Tengo bastantes, pero soy muy flojo para componer. Algunas están empezadas y otras casi listas. Voy a escoger una semana de estas para terminarlas y dárselas a los conjuntos que me las requieran.

¿Cómo considera la labor realizada por la Fundación Festival de la Leyenda Vallenata?

Extraordinaria porque han sacado adelante al Festival de la Leyenda Vallenata que ha sido la base para el surgimiento de todos nosotros. Si el Festival no hubiera nacido de la mano de Consuelo Araujo, la música no estuviera en el nivel que está. El orgullo nuestro es que el festival le dio mucho auge al acordeón. Tenemos que agradecerle a Consuelo Araujo, a Hernando Molina Céspedes, a sus hijos y un puñado de personas que se apersonaron de esta causa folclórica. Acá tenemos que tirar para un solo lado por el bien de nuestro Festival Vallenato.

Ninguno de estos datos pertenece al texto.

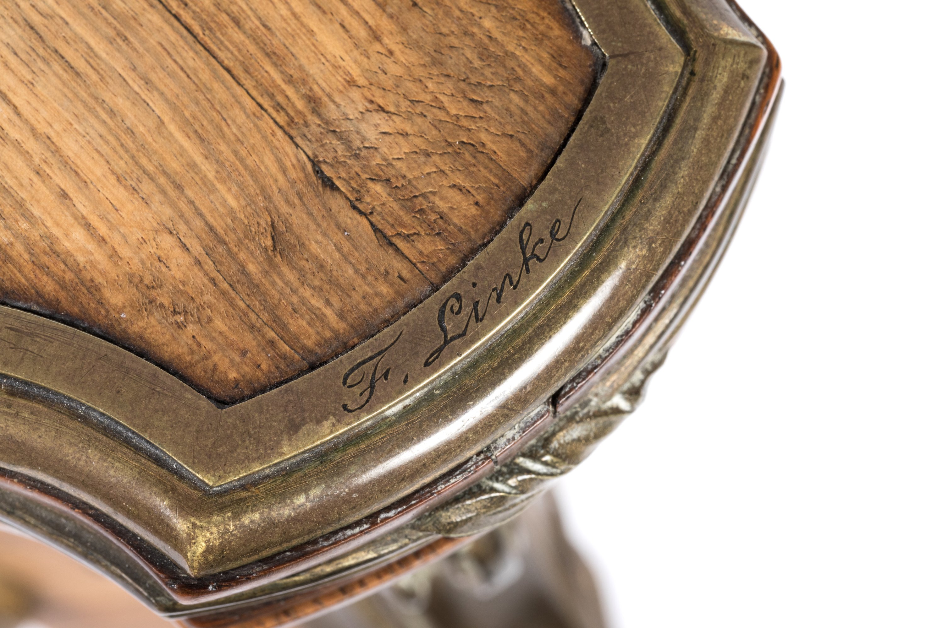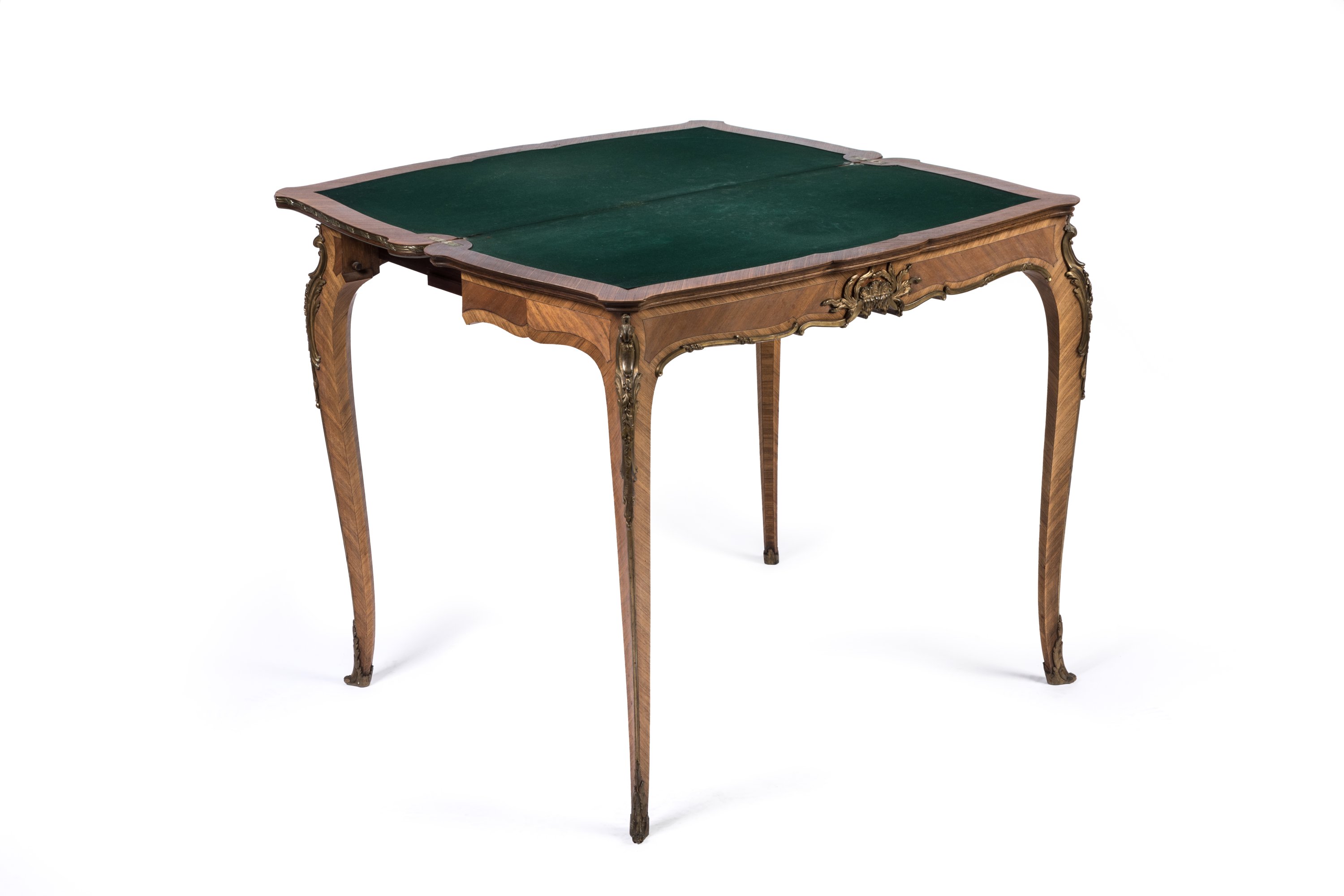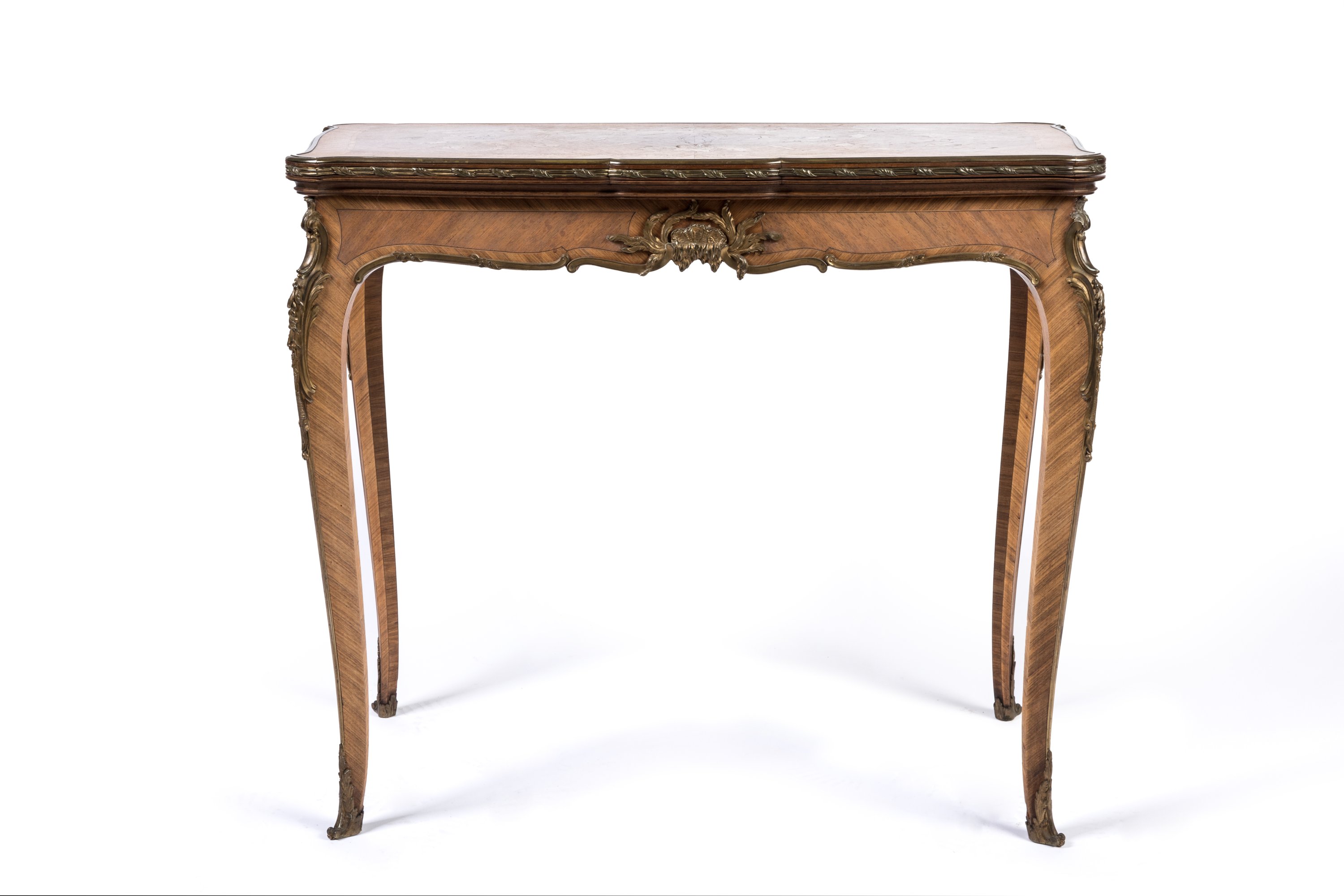 A Louis XV-style rosewood veneered games table by François Linke. Bronze rococo ornaments. Signed.
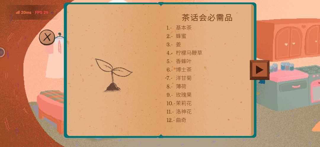 餐桌上拿到《茶叶百科》,出门直走猫头鹰奥托处拿到《地图》。 〓以下编号为我个人收集顺序〓 ①薄荷: 【集市】与獾子莱恩对话,为其整理摊位得到薄荷线索, 【池塘】左转找蜥蜴萨拉曼多比赛游泳, 【草地】蜥蜴萨拉曼多家里拿到薄荷,解锁{广场}{东部森林}{郊外}。 ②蜂蜜: 【广场】找老鼠伯托尔对话,去邮局找信鸽文森特对话订阅漫画月刊,完成邮票拼图小游戏得到蜂蜜线索, 【西部森林】爬木梯上木屋找猫头鹰奥
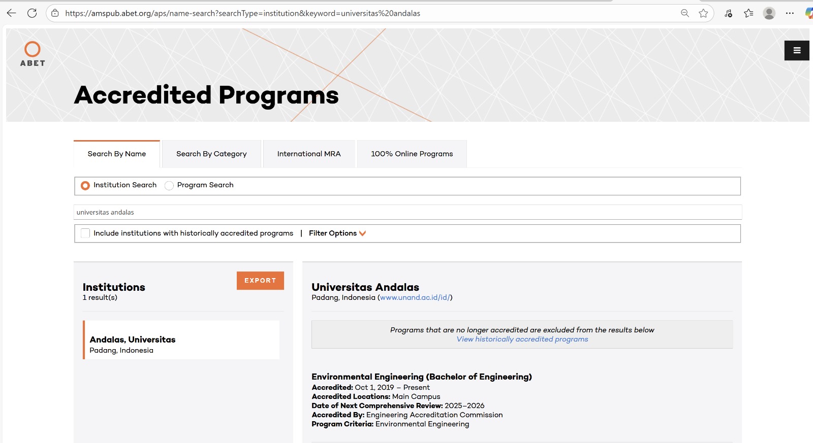 Terakreditas ABET(Klik Disini) Dokumen ABET ENVIRONMENTAL ENGINEERING UNIVERSITAS ANDALAS (Klik Disini) |

He estado dedicado a las grabaciones y a las presentaciones con Peter y ‘Toba’, pero no dejo de pensar en un retiro. Uno debe retirarse cuando tiene la fama y no esperar la decadencia. Es mejor quemarse que apagarse lentamente.

¿Pero no concretó el regreso con su hermano?

Con mi hermano tengo las mejores relaciones. Nosotros nunca hemos sido enemigos como algunos creen. Quiero recalcar que yo no peleo con hermanos, peleó por mis hermanos.

¿Cómo quiere despedirse de la vida?

A mi me han dolido la muerte de mis padres, de mis hermanos Héctor y recientemente Mario. En cuanto a lo que a mi respecta ya tengo eso definido. A mi muerte quiero que me incineren y mis cenizas las echen al río Guatapurí o cualquier cuerpo de agua. No quiero boveda, ni nada de eso.